Levente Baljer1, Ula Briski1, Niall Bourke1, Kirsten Donald2, Steven Williams1, Rosalyn Moran1, Emma Robinson1, Frantisek Váša3, Simone Williams2

Institutions:

1King's College London, London, London, 2University of Capetown, Capetown, Capetown, 3Dept of Neuroimaging, Institute of Psychiatry, Psychology, and Neuroscience, King’s College London, London, United Kingdom

First Author:

Levente Baljer  
King's College London
London, London

Co-Author(s):

Ula Briski  
King's College London
London, London
Niall Bourke  
King's College London
London, London
Kirsten Donald  
University of Capetown
Capetown, Capetown
Steven Williams  
King's College London
London, London
Rosalyn Moran  
King's College London
London, London
Emma Robinson  
King's College London
London, London
Frantisek Váša  
Dept of Neuroimaging, Institute of Psychiatry, Psychology, and Neuroscience, King’s College London
London, United Kingdom
Simone Williams  
University of Capetown
Capetown, Capetown

Introduction:

Magnetic resonance imaging (MRI) is integral for assessment of paediatric neurodevelopment, but modern MRI systems are large and expensive. Recent ultra-low-field (ULF) MRI systems such as the 64mT Hyperfine Swoop (Deoni et al., 2021) show great promise in widening MRI accessibility and reducing cost. Imaging at low field strengths comes at the cost of lower spatial resolution and signal-to-noise ratio, although these can be mitigated by deep-learning super-resolution (SR) (Iglesias, 2023).
One such approach involves generative adversarial networks (GANs) with convolutional neural network (CNN) backbones, which have cemented themselves as the state-of-the-art in numerous medical image synthesis tasks (Skandarani, 2023). CNNs, however, are specialised for the extraction of local image features, neglecting long-range spatial dependencies. On the other hand, vision transformers (ViTs) are able to map global context using attention operators. As such, fusing these two approaches allows a model to capture a diverse set of feature representations, in turn yielding higher quality output images.

Methods:

We trained a GAN using a custom 3D variant of ResViT (Atli, 2024) as our generator, and a discriminator based on the conditional PatchGAN from (Isola, 2016). The dataset included paired ULF (64mT Hyperfine Swoop T2w; 1.5x1.5x5 mm) and high-field (Siemens 3T T2w; 1x1x1 mm) MRI scans from 97 subjects, aged 3-18 months. We split the data into a training/validation/test split of 70/7/20. As such, 70 subjects were used to train the model, 7 subjects to monitor validation loss, and 20 subjects to evaluate model performance. For the latter, we compared model outputs with reference standard 3T scans via the following voxel-wise metrics: normalised root mean squared error (NRMSE), peak signal-to-noise ratio (PSNR) and structural similarity index measure (SSIM). Furthermore, we used learned perceptual image patch similarity (LPIPS) to quantify perceptual similarity between model outputs and reference scans.
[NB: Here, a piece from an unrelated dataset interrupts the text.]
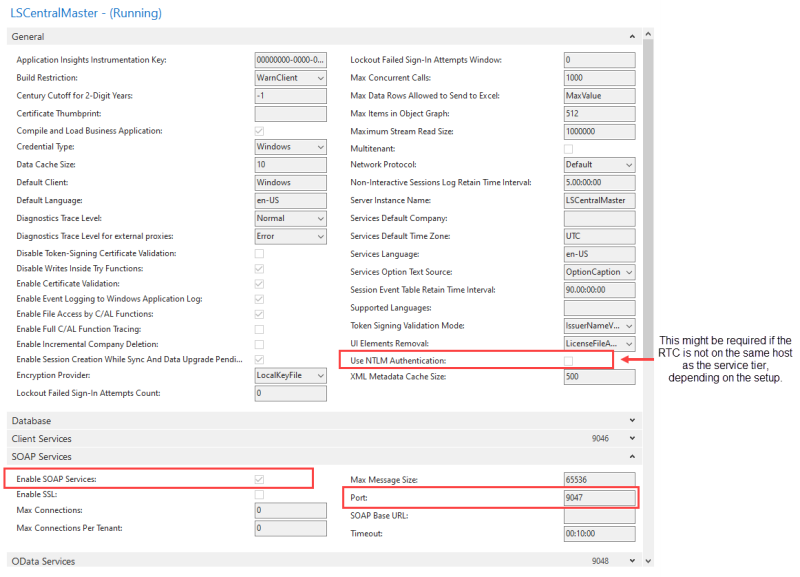 • Open the Dynamics Business Central Administration Panel for your current version, and make sure the Enable SOAP Services check box is selected.

By using a large pre-trained image classifier (AlexNet) to extract image features from two sets of images, then calculating distance at the level of these features, LPIPS has been found to correspond remarkably well with human visual assessment. To benchmark our model against other popular GAN architectures, we repeated the above analyses using Pix2pix, a conditional GAN designed for paired images (Isola, 2016), and Ea-GAN, consisting of Pix2pix with an additional Sobel filter for edge detection (Yu, 2019).

Results:

We found that our model outperformed other state-of-the-art GAN architectures in both voxel-wise metrics and perceptual similarity. This is evidenced by an NRMSE, PSNR and SSIM of 0.343, 28.567 and 0.916, respectively for our 3D-ResViT, improving upon both Pix2pix and Ea-GAN across all three metrics (Table 1). Furthermore, we achieve an LPIPS score of 0.0218, showcasing a 1.2% improvement over Pix2pix and a 17.8% improvement over Ea-GAN in producing more perceptually similar images to 3T scans (Table 1, Figure 1).
Supporting Image: Table1.png
Supporting Image: Figure1.png
 

Conclusions:

We demonstrate that by endowing a generator with both CNN and ViT blocks allows it out to outperform traditional, purely CNN-based generators in an adversarial training scheme. Whereas CNNs focus on capturing local information in neighbouring groups of voxels, our model preserves both local precision and global context via an interplay of convolutional and attention operators. This, in turn, allows generated images to be of higher quality and closer alignment to reference 3T scans.

Lifespan Development:

Early life, Adolescence, Aging 2

Modeling and Analysis Methods:

Methods Development
Other Methods 1

Novel Imaging Acquisition Methods:

Anatomical MRI

Keywords:

Machine Learning
MRI
PEDIATRIC
STRUCTURAL MRI

1|2Indicates the priority used for review

Abstract Information

By submitting your proposal, you grant permission for the Organization for Human Brain Mapping (OHBM) to distribute your work in any format, including video, audio print and electronic text through OHBM OnDemand, social media channels, the OHBM website, or other electronic publications and media.

I accept

The Open Science Special Interest Group (OSSIG) is introducing a reproducibility challenge for OHBM 2025. This new initiative aims to enhance the reproducibility of scientific results and foster collaborations between labs. Teams will consist of a “source” party and a “reproducing” party, and will be evaluated on the success of their replication, the openness of the source work, and additional deliverables. Click here for more information. Propose your OHBM abstract(s) as source work for future OHBM meetings by selecting one of the following options:

I do not want to participate in the reproducibility challenge.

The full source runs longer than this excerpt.